According to Henley & Partners, the Nigerian passport ranks among the lowest in the world, offering visa-free access to only 1.5% of global GDP, which severely limits its holders’ travel opportunities.

During a webinar on Wednesday, Chidinma Okebalama, a senior consultant at the residence and citizenship investment company, noted that while the South African passport provides access to over 100 visa-free destinations and covers 17% of global GDP, the Nigerian passport’s reach is far more restricted.

She added that Nigeria has lost access to 14 countries over the past decade.

Henley & Partners’ report places the Nigerian passport at 92nd in the global ranking, with only 45 visa-free destinations available.

Okebalama suggested that Nigerians could improve their economic mobility by obtaining residency or citizenship through investment in countries such as Austria or Malta.

In a separate discussion, Rajat Sharma, Co-Founder and Chief Investment Officer of VAR Capital, highlighted strategies for investors to protect themselves against currency devaluation in emerging markets.

He explained that currency volatility and economic mismanagement often lead to significant devaluations, impacting wealth.

Sharma illustrated the issue with the recent decline of the Naira, noting that N1000 now buys only 0.62 USD compared to 2.23 USD in January 2023.

He advised that while emerging market securities may perform well during domestic growth periods, they carry notable risks during economic downturns.

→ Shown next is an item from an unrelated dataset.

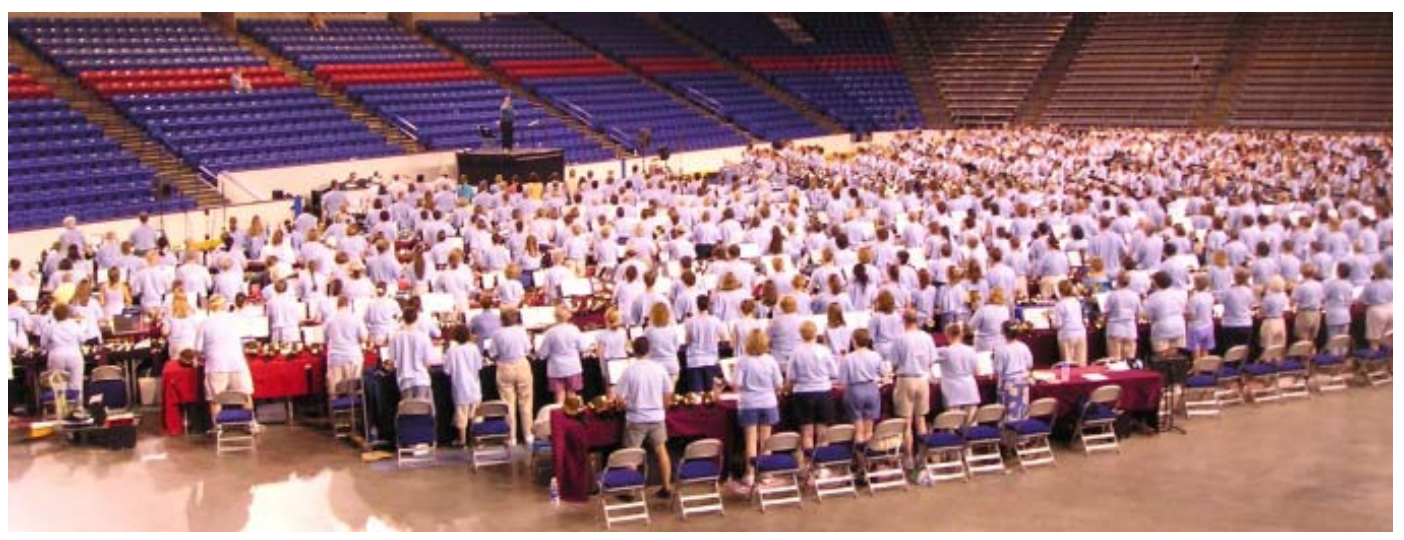
Massed rehearsal on T-shirt day

To mitigate these risks, Sharma recommended holding USD-denominated equities to shield against currency volatility.

He also pointed out that export-driven companies, such as those in the oil sector, benefit from currency devaluations by receiving revenue in foreign currency while incurring costs in local currency, thus improving their financial position.

Additionally, Sharma suggested investing in commodities, such as gold and oil, which are priced in dollars and can help hedge against currency risk.

For inflation protection, he recommended investing in companies that produce staple foods, which are generally resilient to inflationary pressures.